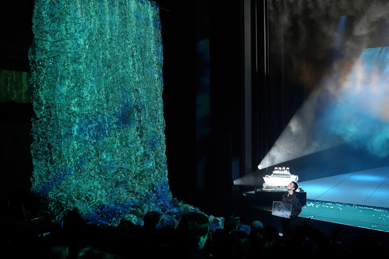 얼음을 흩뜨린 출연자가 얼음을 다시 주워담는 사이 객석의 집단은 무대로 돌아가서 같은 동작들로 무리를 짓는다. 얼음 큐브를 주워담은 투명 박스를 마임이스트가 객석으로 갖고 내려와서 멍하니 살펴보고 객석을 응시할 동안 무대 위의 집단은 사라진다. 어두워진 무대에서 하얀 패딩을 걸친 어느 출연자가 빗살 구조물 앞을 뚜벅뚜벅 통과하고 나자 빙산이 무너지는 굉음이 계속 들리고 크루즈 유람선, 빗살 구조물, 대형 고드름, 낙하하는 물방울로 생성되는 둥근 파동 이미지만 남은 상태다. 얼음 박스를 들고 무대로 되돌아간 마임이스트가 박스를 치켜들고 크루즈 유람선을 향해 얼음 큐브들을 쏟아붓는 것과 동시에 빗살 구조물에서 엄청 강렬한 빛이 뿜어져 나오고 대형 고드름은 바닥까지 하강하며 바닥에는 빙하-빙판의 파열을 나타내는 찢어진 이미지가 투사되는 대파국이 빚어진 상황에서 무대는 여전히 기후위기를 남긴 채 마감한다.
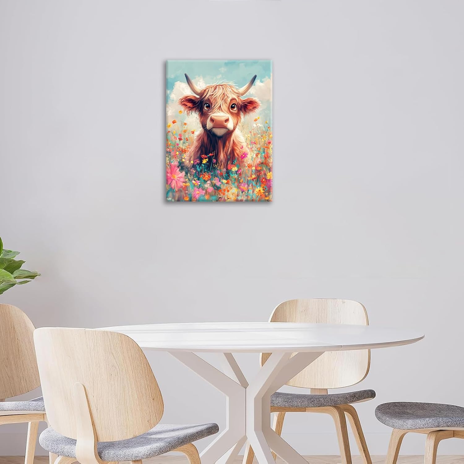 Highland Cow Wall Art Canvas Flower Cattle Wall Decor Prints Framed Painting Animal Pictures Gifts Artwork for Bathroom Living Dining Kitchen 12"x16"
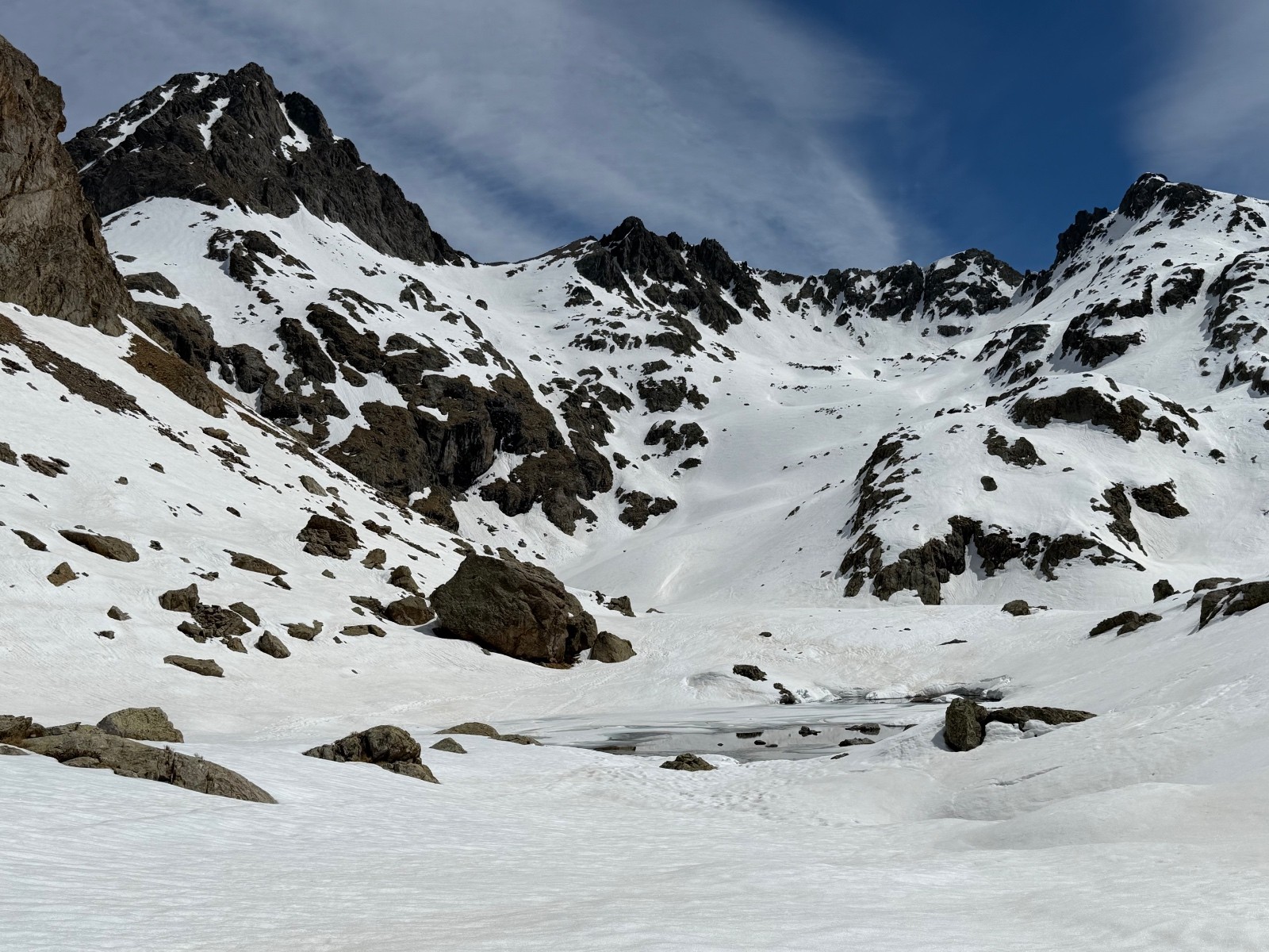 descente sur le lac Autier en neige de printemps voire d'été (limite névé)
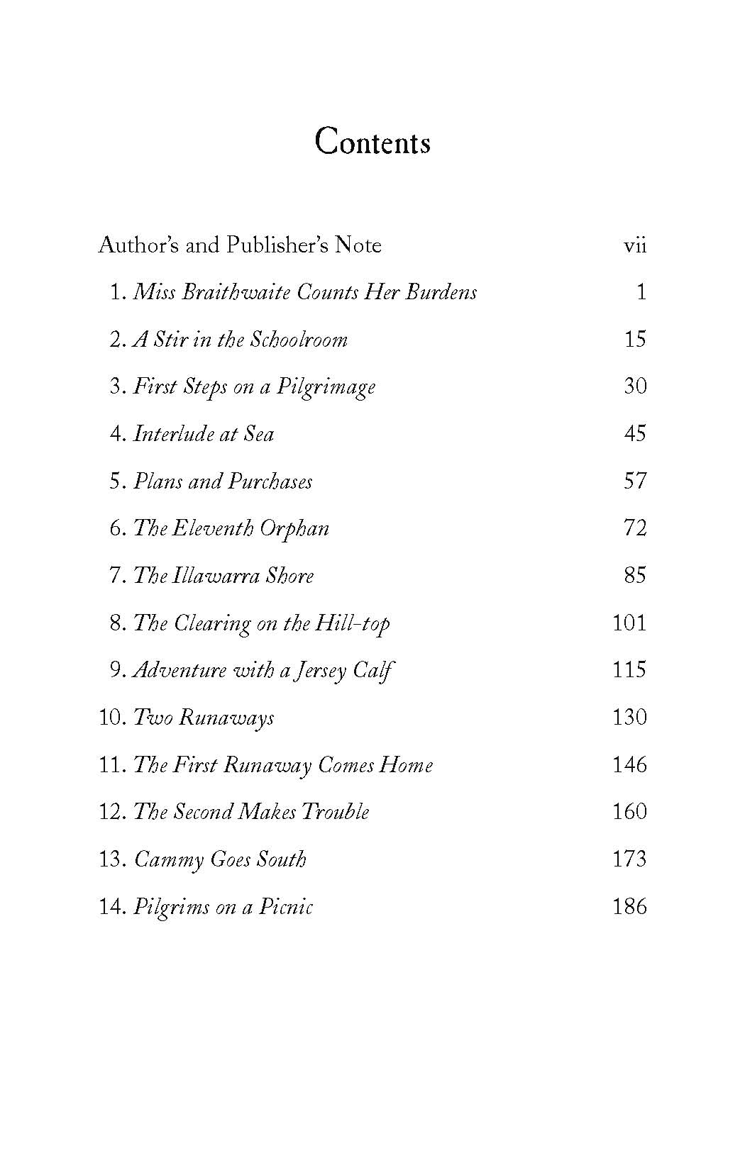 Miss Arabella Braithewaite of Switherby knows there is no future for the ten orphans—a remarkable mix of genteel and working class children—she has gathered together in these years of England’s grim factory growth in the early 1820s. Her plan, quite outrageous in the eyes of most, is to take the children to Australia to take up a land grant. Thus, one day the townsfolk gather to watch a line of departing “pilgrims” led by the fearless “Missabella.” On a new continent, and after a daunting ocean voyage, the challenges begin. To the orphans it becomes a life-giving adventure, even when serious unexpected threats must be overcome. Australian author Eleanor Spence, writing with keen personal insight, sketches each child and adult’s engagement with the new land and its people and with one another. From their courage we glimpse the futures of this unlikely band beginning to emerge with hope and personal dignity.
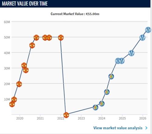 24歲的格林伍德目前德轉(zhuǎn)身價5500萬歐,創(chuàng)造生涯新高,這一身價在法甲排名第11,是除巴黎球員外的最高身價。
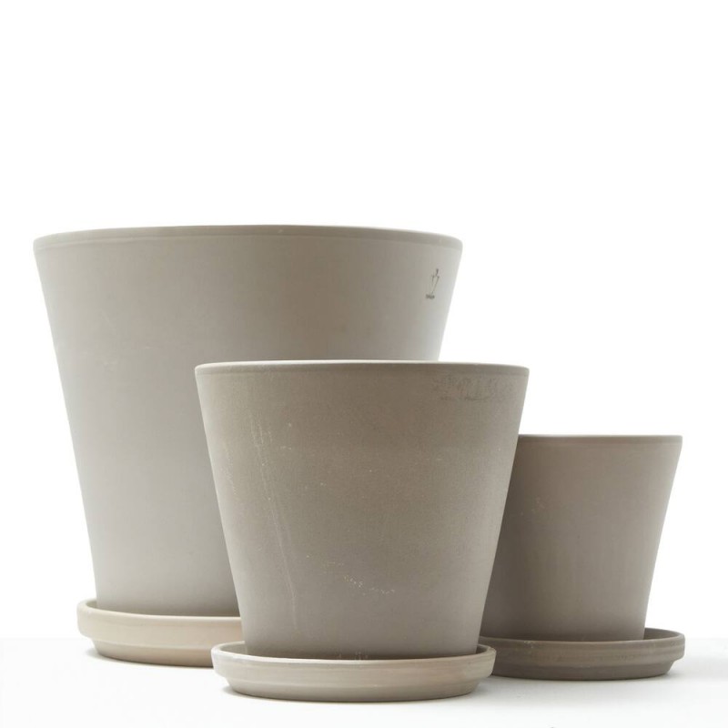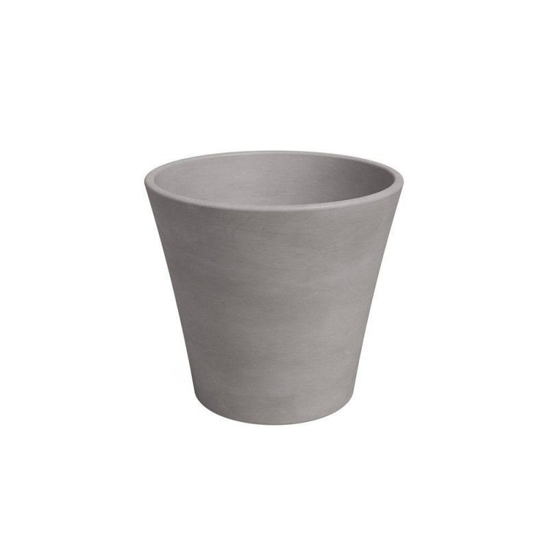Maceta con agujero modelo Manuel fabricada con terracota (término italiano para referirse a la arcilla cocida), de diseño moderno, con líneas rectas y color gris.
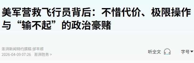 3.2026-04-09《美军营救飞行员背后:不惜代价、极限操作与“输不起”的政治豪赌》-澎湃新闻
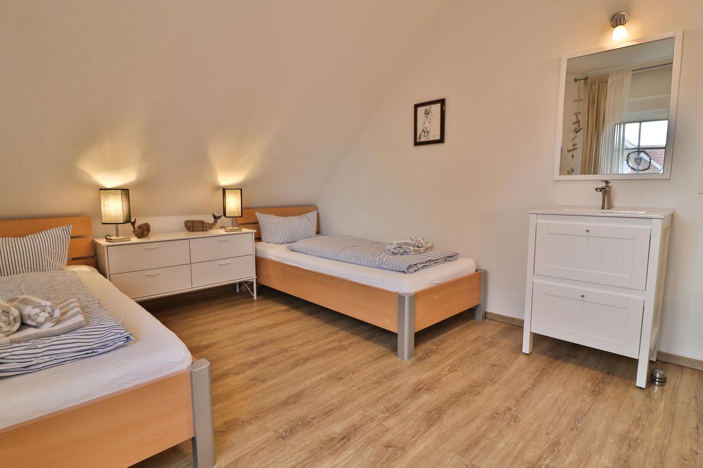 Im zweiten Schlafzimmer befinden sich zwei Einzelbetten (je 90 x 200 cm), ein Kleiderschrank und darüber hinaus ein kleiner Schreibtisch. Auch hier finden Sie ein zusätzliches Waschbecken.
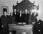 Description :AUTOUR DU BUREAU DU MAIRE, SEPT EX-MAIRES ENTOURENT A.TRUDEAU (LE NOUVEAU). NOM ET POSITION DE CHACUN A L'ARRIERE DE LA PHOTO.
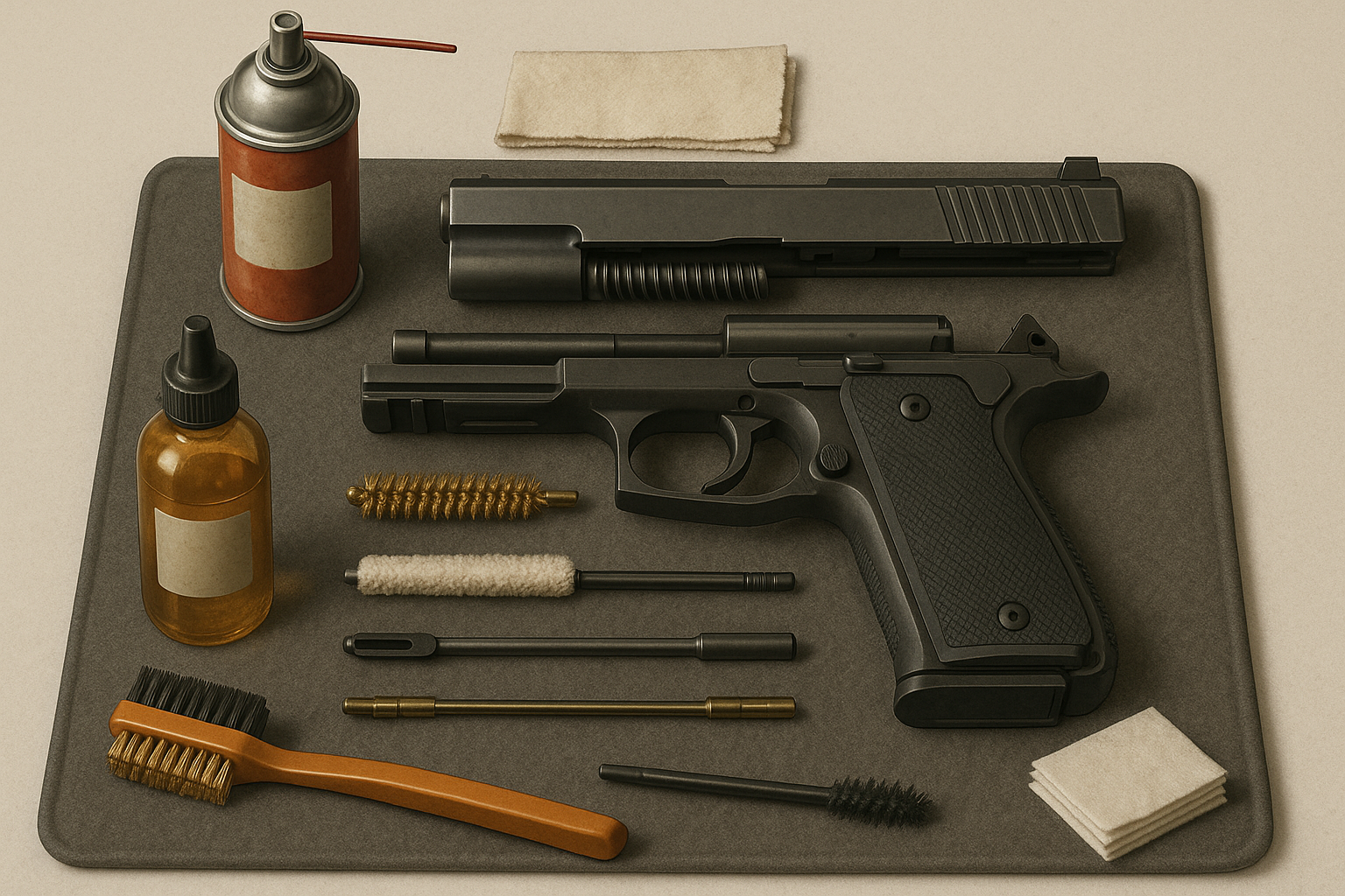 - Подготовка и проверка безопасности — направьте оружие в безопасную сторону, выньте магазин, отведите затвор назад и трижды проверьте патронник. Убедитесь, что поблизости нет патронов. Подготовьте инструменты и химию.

####

Work instructions: In the records above, find the line that contains "Description :AUTOUR DU", then write it out along with every line after it, exactly, through the last one. Leave the pictures out.

Result for this exercise:
 Description :AUTOUR DU BUREAU DU MAIRE, SEPT EX-MAIRES ENTOURENT A.TRUDEAU (LE NOUVEAU). NOM ET POSITION DE CHACUN A L'ARRIERE DE LA PHOTO.
 - Подготовка и проверка безопасности — направьте оружие в безопасную сторону, выньте магазин, отведите затвор назад и трижды проверьте патронник. Убедитесь, что поблизости нет патронов. Подготовьте инструменты и химию.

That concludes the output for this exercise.